* [TASK STATEMENT]: Don't include pictures. Quote the lines below from the first through the line that contains "ALPHA ELETTRONICA - Lampadina".
BEGIN
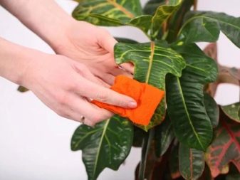 - Протирать лиственную часть влажной тряпочкой, салфеткой, губкой. Это позволит не только увлажнить сам кротон и воздух рядом с ним, но будет отличным средством борьбы с пылью, скапливающейся на листовых пластинах.
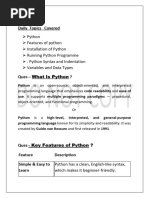 • In Python, Indentation is used to define blocks of code. It tells the Python
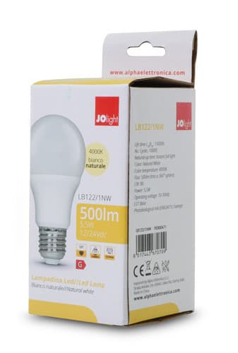 ALPHA ELETTRONICA - Lampadina a Led E27 - 5,5W - 12/24Vdc - Bianco naturale LB122/1NW
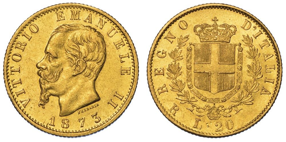 REGNO D'ITALIA. VITTORIO EMANUELE II DI SAVOIA, 1861-1878. 20 Lire 1873. Roma.
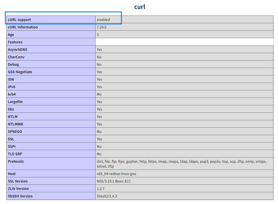 아래는 phpinfo(); 함수를 실행하면 브라우저에 보여지게 되는 여러 정보들 중에 curl에 관한 부분입니다.
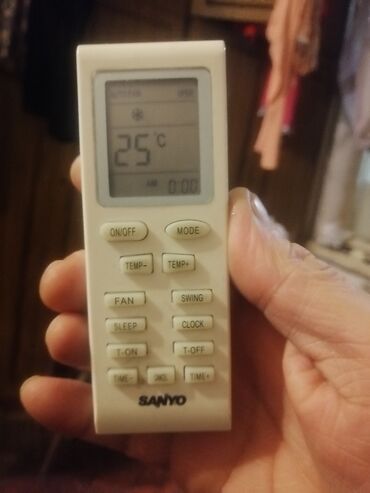 - Düymələr: ON/OFF, MODE (rejim seçimi), TEMP- / TEMP+ (temperatur tənzimləmə), FAN (ventilyator sürəti), SWING (hava axınının istiqaməti), SLEEP, CLOCK (saat), T-ON / T-OFF (taymerlə açma/söndürmə), TIME- / TIME+ (taymer vaxtı), CANCE
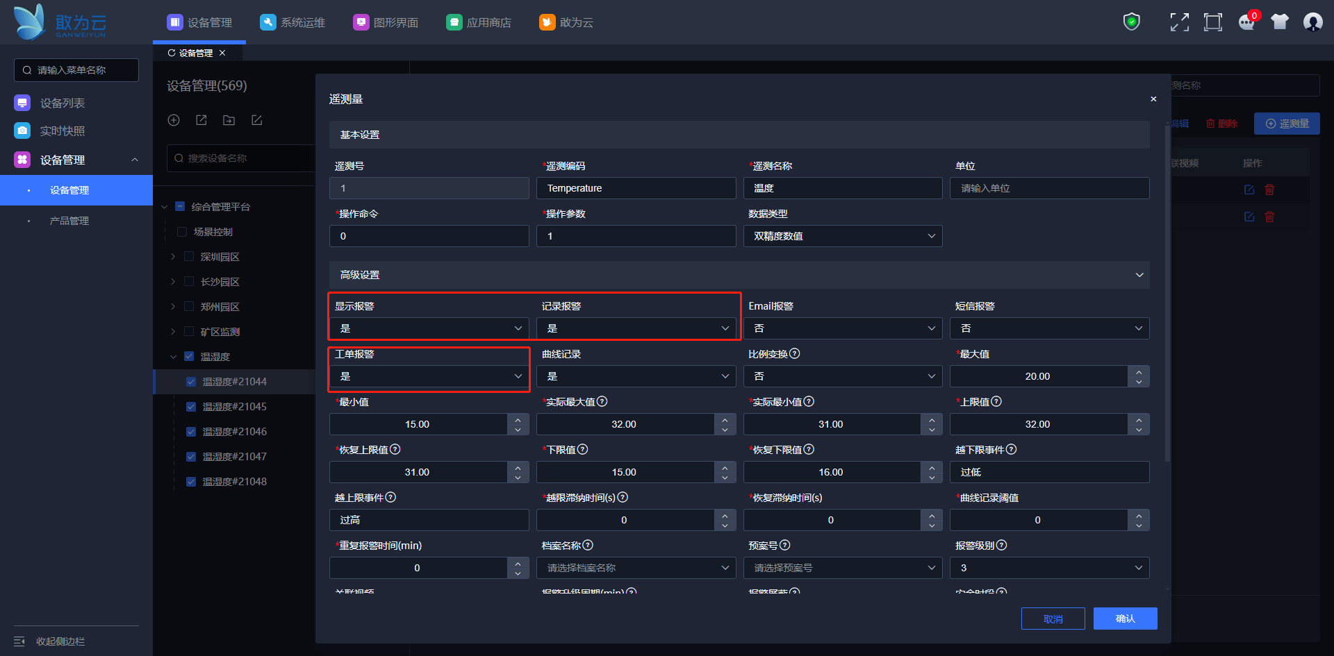 在设备管理页面配置测点“是否生成工单”,编辑设备测点,如下图:
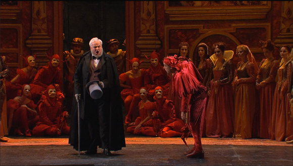This is another of those Arthaus Blu-ray disks that’s sold at a silly cheap price as a carrier for two hours of trailers from the Arthaus catalogue. That said, it’s very high quality indeed. GIlbert Deflo’s production is, in the end, quite conventional though with careful and effective Personenregie. He does trick us a bit at the start. The scene opens with what is, apparently, a rather louche 16th century court entertainment/orgy. There are bare breasted women and dancers of both sexes dressed as Satanic imps. Everyone is in period costume including Rigoletto with jester hat, bells etc. The scene is, perhaps, what we expect. The “ladies” are very receptive to the duke’s advances. The men are resentful but not actively so. Then in comes Monterone in mid 19th century dress to denounce the proceedings and we, perhaps slowly, realise that this is a costume party. From there on there’s nothing very tricksy. The story gets told effectively and straightforwardly. We have been pulled, effortlessly, from the time of the libretto to the time of first performance and the parallels are drawn.
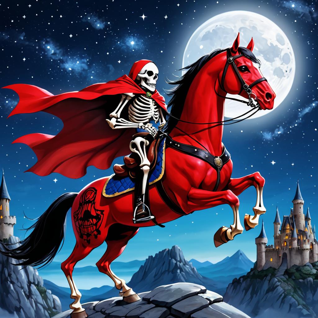 Moon, horse, skeleton, riding, horseback riding, night, skull, full moon, cape, sky, castle, night sky, wings, star (sky), saddle, armor, 1boy, solo, reins, male focus, red cape, outdoors, starry sky, no humans, animal
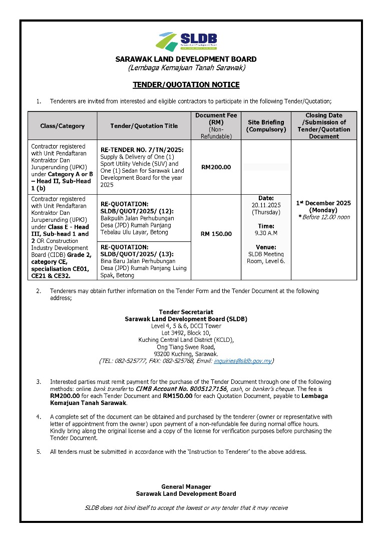 Sarawak Land Development Board (SLDB) / Lembaga Kemajuan Tanah Sarawak (LKTS) is a State
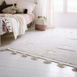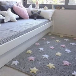 Lorena Canals Tapis Enfant Tapis Coton Motif Petites Ă©toiles 3 Couleurs – Gris Rose – 120 X 160
END
* [EXERCISE OUTPUT]:
 - Протирать лиственную часть влажной тряпочкой, салфеткой, губкой. Это позволит не только увлажнить сам кротон и воздух рядом с ним, но будет отличным средством борьбы с пылью, скапливающейся на листовых пластинах.
 • In Python, Indentation is used to define blocks of code. It tells the Python
 ALPHA ELETTRONICA - Lampadina a Led E27 - 5,5W - 12/24Vdc - Bianco naturale LB122/1NW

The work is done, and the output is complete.